Nieuw en Oud Oost-Indiën has been both revered and reviled throughout the centuries. Published between 1724 and 1726, the magnum opus, five massive folio volumes covering 5144 pages, of the Dutch East India Company (VOC) clergyman François Valentyn (1666–1727), has been revered as the “VOC Bible” or “first encyclopedia of Asia” providing “a kaleidoscope of historical, geographical, and ethnological knowledge.”Footnote 1 Valentyn's “monstrous creation,” however, has also been reviled as the “most disgusting plagiarism” and “intellectual embezzlement,” a “rambling piece of work lacking any method” and “partial potpourri of historical facts and imagination with a complete lack of attention for narrative or geographical consequence, chronology, or importance of certain historical events.”Footnote 2

Just as Valentyn's patriotic self-proclaimed “Great Work” (Groote Werk) was dedicated to exalt the Dutch nation, the Dutch East India Company, his native city of Dordrecht, and preserve his individual honor and reputation as a scholar and translator (see below), Huigen's Shaping a Dutch East Indies can be conceived as a Rehabilitationsschrift intended to restore the tarnished reputation of Nieuw en Oud Oost Indiën and its author-compiler, presented by Huigen as “a bookish, late humanist scholar” and more a “‘gratte papier’ [paper-shuffler, my translation] than an explorer” (p. 5).

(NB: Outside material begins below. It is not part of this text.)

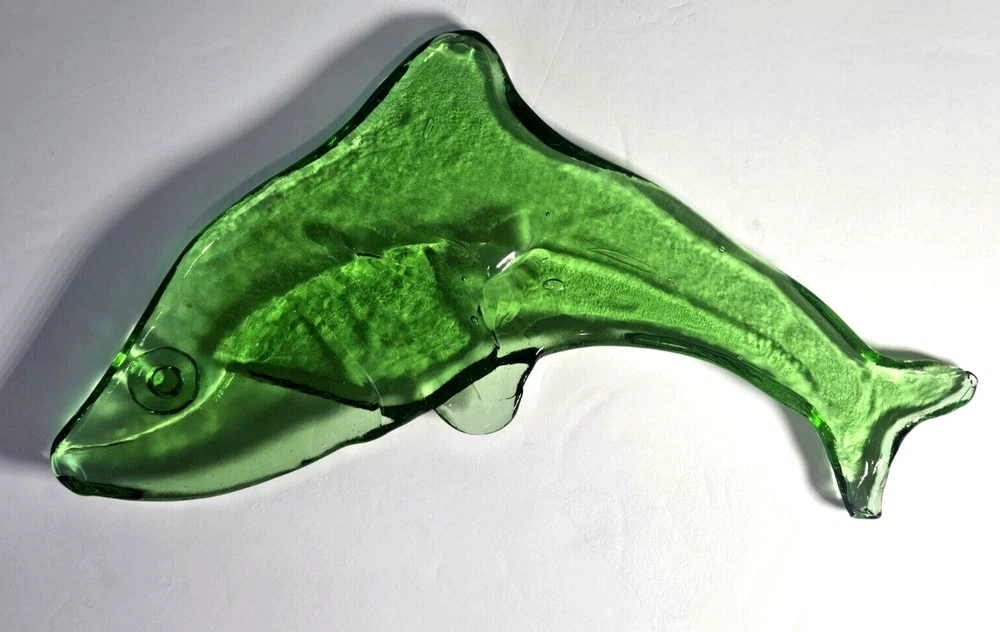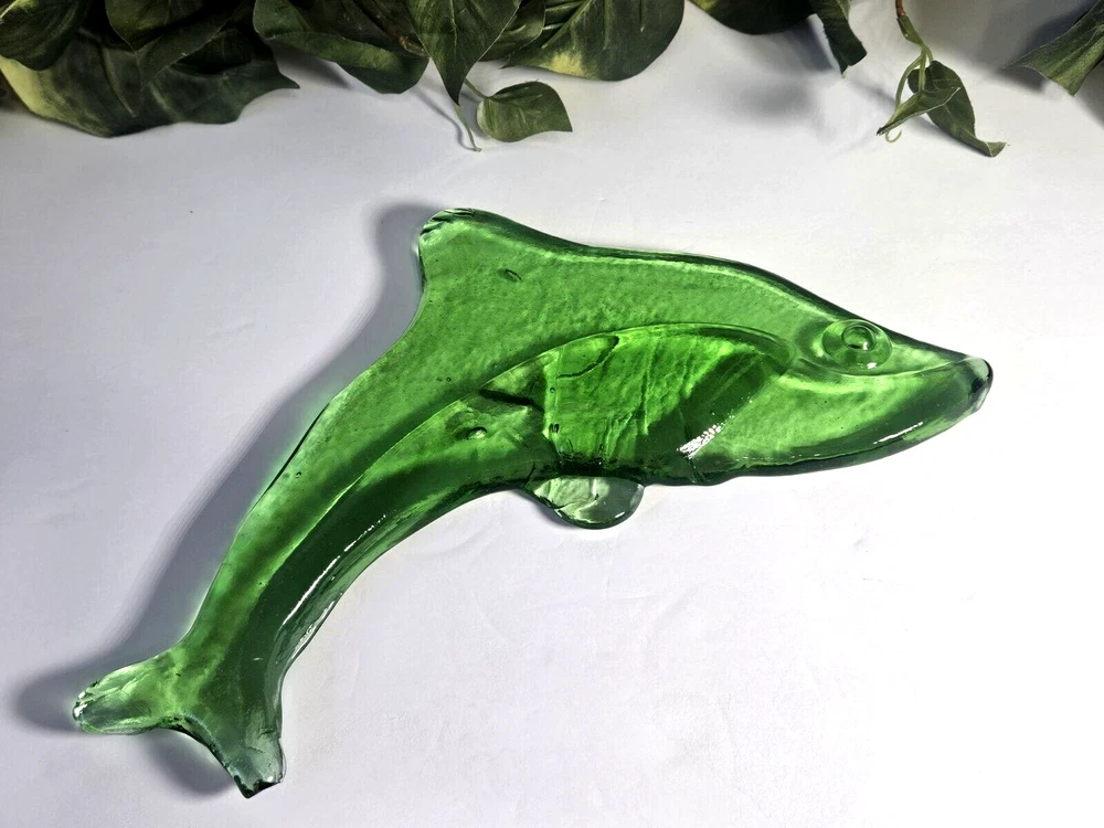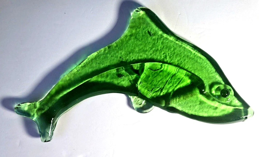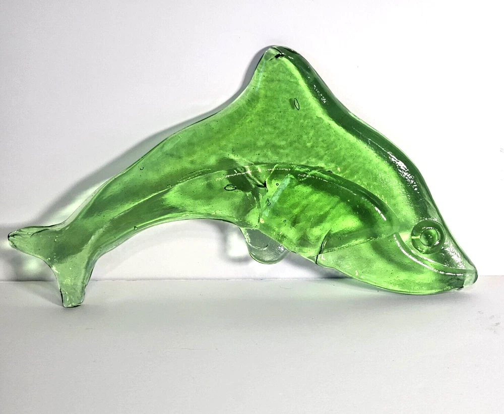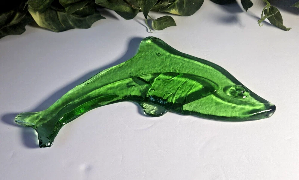 Vintage Hand Blown Green Glass Dolphin Figurine 11.5"L . This item is a must-have for anyone who loves collecting figurines, dolphins, or fish and marine life. Excellent condition - no chips, cracks, or fleabites. Please do not hesitate to contact me with any questions. Thank you for looking!
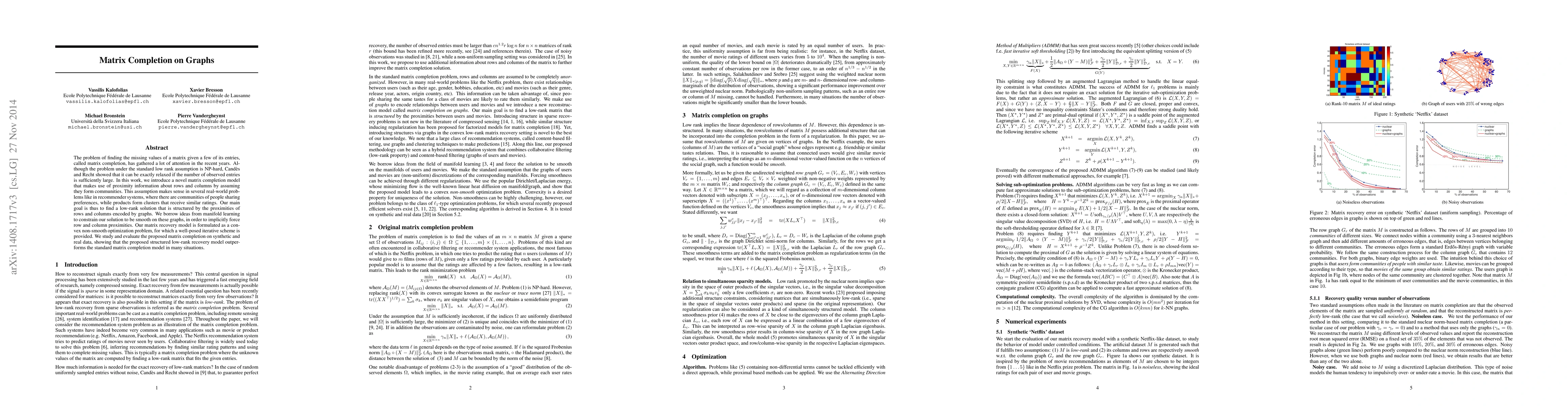 The problem of finding the missing values of a matrix given a few of its entries, called matrix completion, has gathered a lot of attention in the recent years. Although the problem under the standard low rank assumption is NP-hard, Cand\`es and Recht showed that it can be exactly relaxed if the number of observed entries is sufficiently large. In this work, we introduce a novel matrix completion model that makes use of proximity information about rows and columns by assuming they form communities. This assumption makes sense in several real-world problems like in recommender systems, where there are communities of people sharing preferences, while products form clusters that receive similar ratings. Our main goal is thus to find a low-rank solution that is structured by the proximities of rows and columns encoded by graphs. We borrow ideas from manifold learning to constrain our solution to be smooth on these graphs, in order to implicitly force row and column proximities. Our matrix recovery model is formulated as a convex non-smooth optimization problem, for which a well-posed iterative scheme is provided. We study and evaluate the proposed matrix completion on synthetic and real data, showing that the proposed structured low-rank recovery model outperforms the standard matrix completion model in many situations.

Huigen, professor of Dutch Literature and Cultural History at Wroclaw University (Poland) and Visiting Professor of Dutch Literature and Cultural History at Stellenbosch University (South Africa), has published extensively on the history of colonial knowledge in Asia, Southern Africa, and East Central Europe. Employing both classical rhetoric and modern literary theory as hermeneutical tools of discourse analysis, Huigen analyzes how Valentyn constructed knowledge of the VOC's empire and the fundamental role that his book played in the Dutch perception of the East Indies as an imperial space used as a reference work by VOC officials before 1800 and Dutch colonial bureaucrats after 1816.

Shaping a Dutch East Indies consists of an introduction, nine chapters divided in three parts, and a brief conclusion, along with an appendix describing the text organization of Oud en Nieuw Oost-Indiën, references, and index. The separate chapters, most of which have been previously published in others forms as articles or book chapters, serve as case studies relating to the chorographies or micro-regional descriptions of which Oud en Nieuw Oost-Indiën is composed illustrating how Valentyn constructed knowledge of an epistemological domain (such as natural history, ethnography and ethnology, history, geography, and religion) and about a certain territory (first and foremost the VOC province of Ambon).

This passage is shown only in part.